[Opening LISTED ENTRIES section]

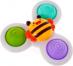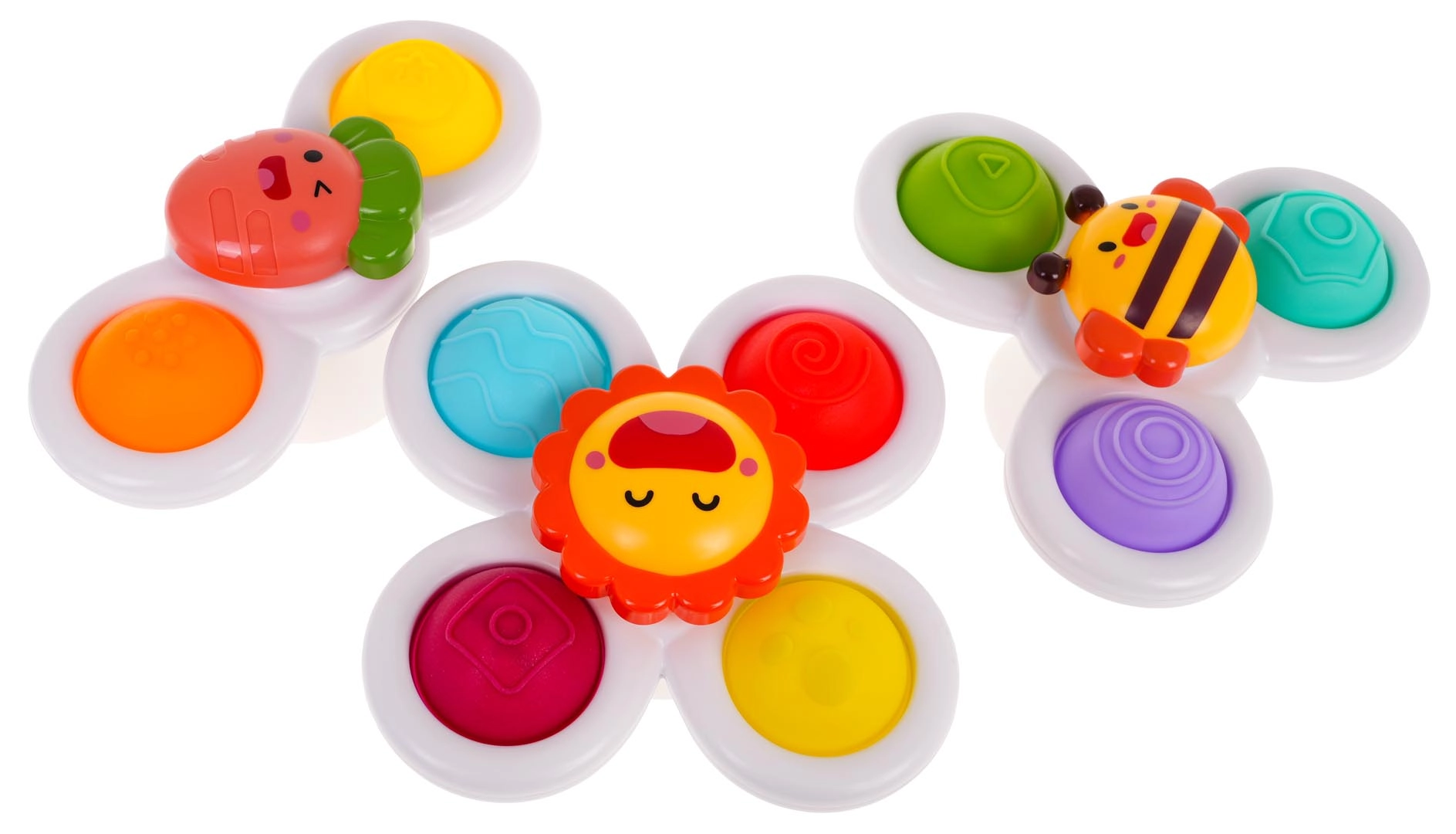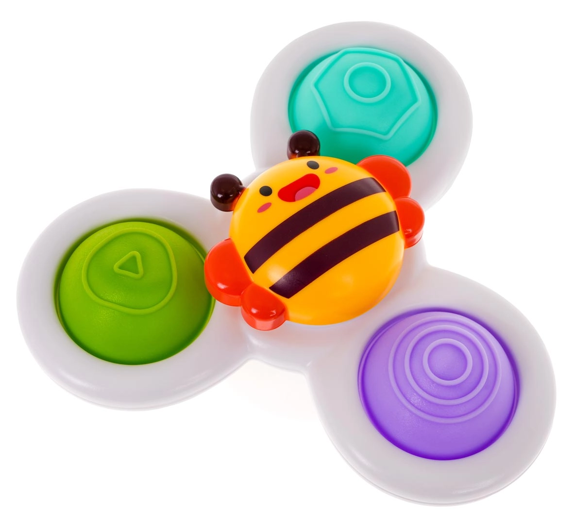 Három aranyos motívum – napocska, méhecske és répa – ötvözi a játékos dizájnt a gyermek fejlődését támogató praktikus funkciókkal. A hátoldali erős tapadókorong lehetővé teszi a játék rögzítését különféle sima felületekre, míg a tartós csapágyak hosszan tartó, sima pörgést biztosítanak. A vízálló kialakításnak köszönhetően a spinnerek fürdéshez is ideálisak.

[Closing LISTED ENTRIES section]
[Opening LISTED ENTRIES section]

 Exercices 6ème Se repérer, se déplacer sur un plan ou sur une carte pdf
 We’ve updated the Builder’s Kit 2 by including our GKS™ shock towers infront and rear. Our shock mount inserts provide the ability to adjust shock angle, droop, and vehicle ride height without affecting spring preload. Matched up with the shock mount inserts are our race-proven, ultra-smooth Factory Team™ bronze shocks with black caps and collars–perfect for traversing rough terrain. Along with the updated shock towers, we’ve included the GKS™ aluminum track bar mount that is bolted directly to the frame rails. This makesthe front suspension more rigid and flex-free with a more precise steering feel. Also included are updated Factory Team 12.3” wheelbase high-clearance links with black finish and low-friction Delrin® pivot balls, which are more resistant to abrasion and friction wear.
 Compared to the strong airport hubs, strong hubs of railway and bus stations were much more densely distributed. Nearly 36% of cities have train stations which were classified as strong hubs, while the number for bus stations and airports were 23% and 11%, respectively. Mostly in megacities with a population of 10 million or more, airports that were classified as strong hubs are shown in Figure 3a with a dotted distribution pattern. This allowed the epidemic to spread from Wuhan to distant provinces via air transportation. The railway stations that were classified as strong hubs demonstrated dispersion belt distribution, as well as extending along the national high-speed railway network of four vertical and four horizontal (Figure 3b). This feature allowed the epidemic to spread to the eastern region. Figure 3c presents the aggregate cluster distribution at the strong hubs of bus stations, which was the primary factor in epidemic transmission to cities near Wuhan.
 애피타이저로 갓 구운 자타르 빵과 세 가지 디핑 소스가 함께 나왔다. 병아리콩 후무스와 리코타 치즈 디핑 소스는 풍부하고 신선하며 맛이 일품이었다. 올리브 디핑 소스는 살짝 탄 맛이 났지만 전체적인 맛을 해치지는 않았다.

[Closing LISTED ENTRIES section]
[Opening LISTED ENTRIES section]

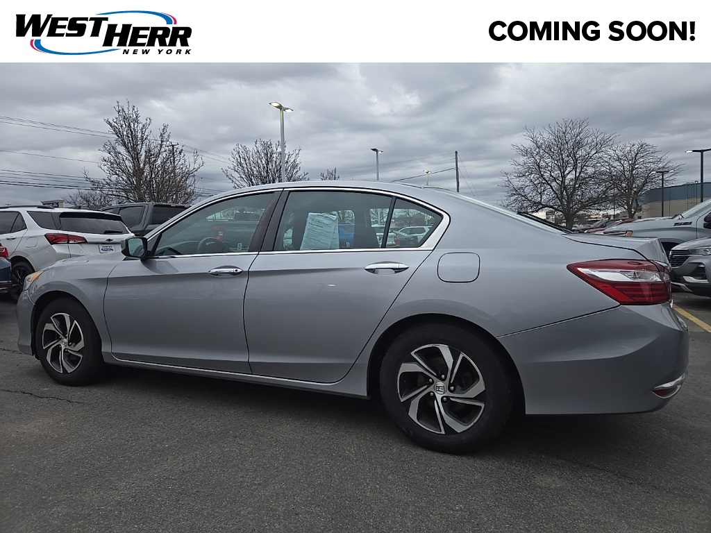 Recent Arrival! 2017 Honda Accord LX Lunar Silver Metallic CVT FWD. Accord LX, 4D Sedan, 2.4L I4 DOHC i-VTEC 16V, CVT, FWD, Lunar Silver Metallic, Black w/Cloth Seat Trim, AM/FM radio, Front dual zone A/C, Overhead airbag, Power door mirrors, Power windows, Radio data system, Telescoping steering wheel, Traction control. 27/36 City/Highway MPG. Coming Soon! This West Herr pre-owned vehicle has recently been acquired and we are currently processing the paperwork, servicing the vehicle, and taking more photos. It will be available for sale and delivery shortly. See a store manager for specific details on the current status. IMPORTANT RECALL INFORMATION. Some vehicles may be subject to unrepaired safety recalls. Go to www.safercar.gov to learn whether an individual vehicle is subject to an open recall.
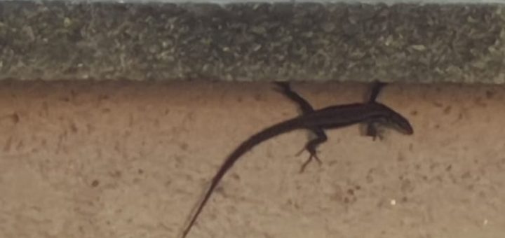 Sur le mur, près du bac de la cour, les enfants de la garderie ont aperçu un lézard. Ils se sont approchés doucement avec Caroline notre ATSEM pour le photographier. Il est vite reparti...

[Closing LISTED ENTRIES section]

**ASSIGNMENT**. Above are some records; copy exactly the lines from the one with "Exercices 6ème Se" through the one with "We’ve updated the", both included, and no others.

**EXERCISE RESPONSE**.
 Exercices 6ème Se repérer, se déplacer sur un plan ou sur une carte pdf
 We’ve updated the Builder’s Kit 2 by including our GKS™ shock towers infront and rear. Our shock mount inserts provide the ability to adjust shock angle, droop, and vehicle ride height without affecting spring preload. Matched up with the shock mount inserts are our race-proven, ultra-smooth Factory Team™ bronze shocks with black caps and collars–perfect for traversing rough terrain. Along with the updated shock towers, we’ve included the GKS™ aluminum track bar mount that is bolted directly to the frame rails. This makesthe front suspension more rigid and flex-free with a more precise steering feel. Also included are updated Factory Team 12.3” wheelbase high-clearance links with black finish and low-friction Delrin® pivot balls, which are more resistant to abrasion and friction wear.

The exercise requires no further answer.